Our RCT results indicate that LLMs can assist general cardiologists in diagnosing and managing complex cardiac patients. Our evidence suggests that LLMs could help bridge unmet needs in genetic cardiovascular disease and possibly in cardiac care more broadly. While further research could extrapolate our approach to a broader group of specialties, cardiology is a useful indicative example because it features (a) highly preventable morbidity and mortality, (b) a reliance on an array of clinical investigations (for example, TTEs, ECGs, ambulatory Holter monitors, CMRs, CPXs and, when appropriate, genetic testing) and (c) a substantial deficit in the cardiology workforce. Our findings are particularly noteworthy because access to subspecialist care is a global challenge. The American College of Cardiology has identified a “cardiology workforce crisis,” with the lack of access to subspecialty cardiologists an acute concern6. In the USA, despite five HCM centers of excellence in both California and New York, there are none across 27 states4. This has led to more than 60% of patients with HCM in the USA being undiagnosed, with estimates higher globally5. The propensity of inherited cardiomyopathy to cause sudden cardiac death (the leading cause of sudden cardiac death in young adults3), exacerbates the problem. Lack of access to appropriate care and long wait times can lead to preventable, premature mortality. LLMs may help identify undiagnosed cases, assist with the triage and prioritization of urgent cases, and streamline management.

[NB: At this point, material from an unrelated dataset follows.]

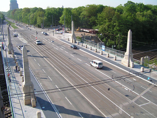Die denkmalgeschützten Sandsteinobelisken behielten ihre Symbolwirkung auf der Brücke. Entwurfsentscheidend war die Stellung der Obelisken, welche wiederum im Stadtraum wirksam sein sollten. Zu diesem Zweck wurden sie eingerückt, zwischen Rad- und Gehweg neu aufgebaut und in ihren historischen Zustand konservatorisch belassen (lediglich gereinigt und mit einem matten farbneutralen Graffitischutz überzogen). Eine transparente Geländerkonstruktion unterstreicht die Schlankheit des Überbaus und ist ein Verweis auf den zeitgemäßen Neubau der Brücke.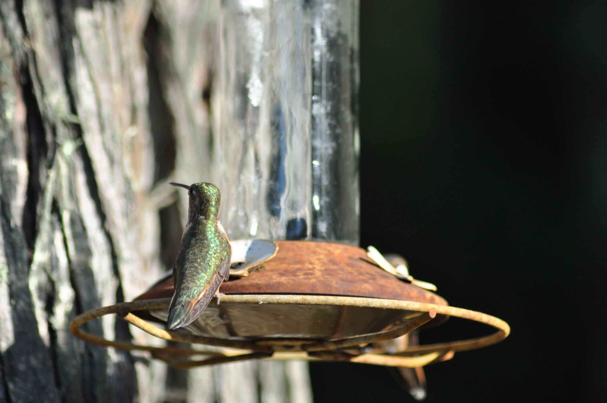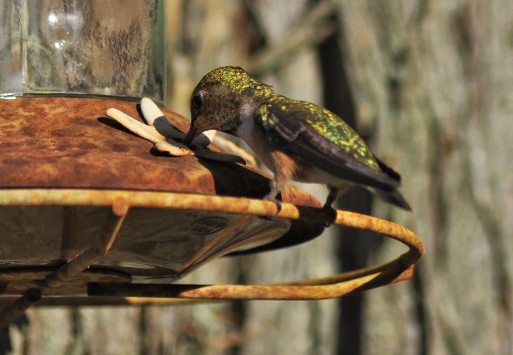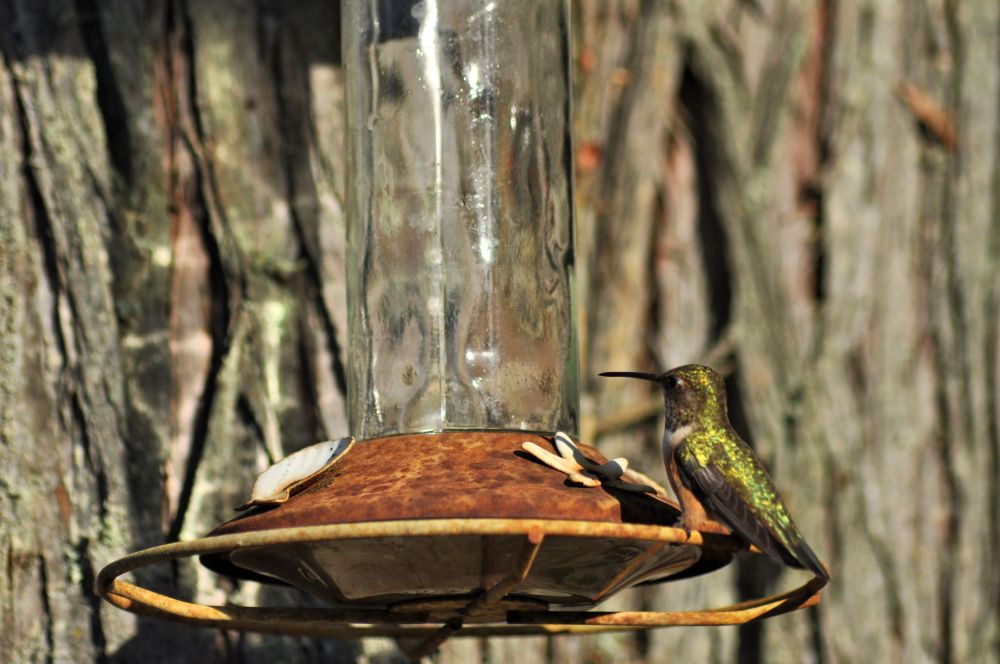 Hummingbirds have discovered my feeder. It’s clear they migrated in, because one day there were none, and the next day there were dozens.

In this way, LLMs could improve access to specific care by assisting generalists.
For researchers, our results have a number of implications. First, we have made our data openly available, facilitating the rigorous evaluation of our results and providing data for other models to use in their tests. We have also created and validated a 10-domain evaluation rubric that may be used for future studies. More broadly, this study demonstrates the feasibility of conducting RCTs to evaluate LLMs, establishing a gold-standard evidence framework that should guide future research in this domain. Currently, LLMs are being used in many US health systems via their implementation in electronic medical records software13. This implementation has occurred without a similar scale of scientific evaluation; the benefits and the possible harms are only partially known16. These results represent a major step toward demonstrating the real-world utility of LLMs in subspecialty care.

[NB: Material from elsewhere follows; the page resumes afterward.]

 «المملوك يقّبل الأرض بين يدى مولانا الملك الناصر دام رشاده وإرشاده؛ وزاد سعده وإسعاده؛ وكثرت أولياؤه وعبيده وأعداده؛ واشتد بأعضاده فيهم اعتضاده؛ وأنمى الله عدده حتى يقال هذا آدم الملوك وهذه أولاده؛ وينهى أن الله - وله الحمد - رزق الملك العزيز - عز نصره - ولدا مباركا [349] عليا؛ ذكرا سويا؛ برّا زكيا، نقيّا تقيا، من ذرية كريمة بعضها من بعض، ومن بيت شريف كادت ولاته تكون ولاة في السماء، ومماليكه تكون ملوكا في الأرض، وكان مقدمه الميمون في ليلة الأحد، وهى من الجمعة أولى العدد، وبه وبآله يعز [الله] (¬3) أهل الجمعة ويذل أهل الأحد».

The implications for clinicians are twofold. First, our results show a clear, albeit modest, improvement in overall clinical assessment quality. The significantly fewer errors and extra content, as well as the significant improvement in management plan quality, gives insights into how LLMs can assist clinically. The general cardiologists demonstrated high precision in diagnostic accuracy and triage decisions; however, the nuanced clinical management of complex patients was associated with increased omission errors compared to the AMIE-assisted assessments. These clinical improvements were accompanied by enhanced efficiency and increased clinician confidence. As such, we present RCT-level evidence for LLMs improving clinical care overall, specifically driven by improvements in management and a reduction in clinical errors and erroneous extra content, with simultaneous improvements in the time and confidence of providers.

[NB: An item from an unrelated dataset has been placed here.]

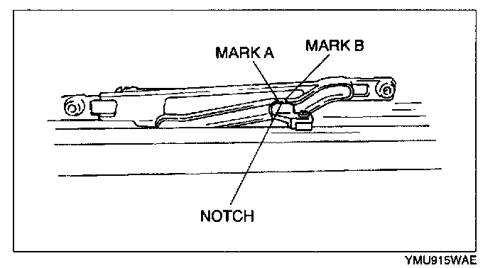 7. Move the guide by hand until notch comes between mark A and mark B.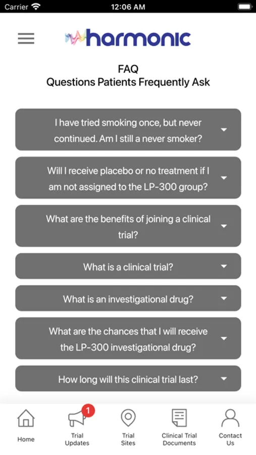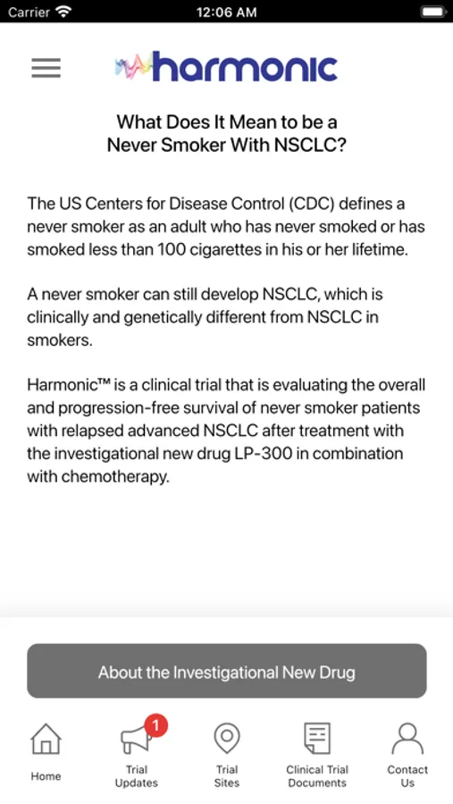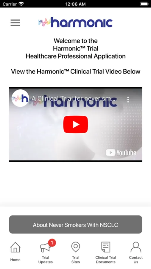 The Harmonic™ Clinical Trial application allows users to learn about NSCLC (Non-Small Cell Lung Cancer). Users of the app can contact the Harmonic™ Clinical Trial Team for more information. Users can download or read documents detailing the Harmonic™ Clinical Trial information. The app includes an informative video about Non-Small Cell Lung Cancer and to learn more about the Harmonic™ Clinical Trial. The application has a very informative FAQ (Frequently Asked Questions) section that helps answer key questions about the Clinical Trial.

It seems premature to deploy LLMs autonomously, and our RCT did not address this design directly, as general cardiologists reported that 6.5% of AMIE’s responses contained clinically significant hallucinations. Reassuringly, we showed that when LLMs are deployed with cardiologist oversight, hallucinations are most often identified, and this combination results in overall fewer errors and more preferred assessments. We qualitatively explored the nature of these hallucinations and found that the general cardiologists often described them as ‘mild’, ranging from assuming the patient’s sex to hallucinating the presence of a CMR feature (for example, “LLM stated left ventricular hypertrabeculation on CMR, but this is not explicitly stated”). Notably, the general cardiologists found that when asked about the hallucination, AMIE would correct itself.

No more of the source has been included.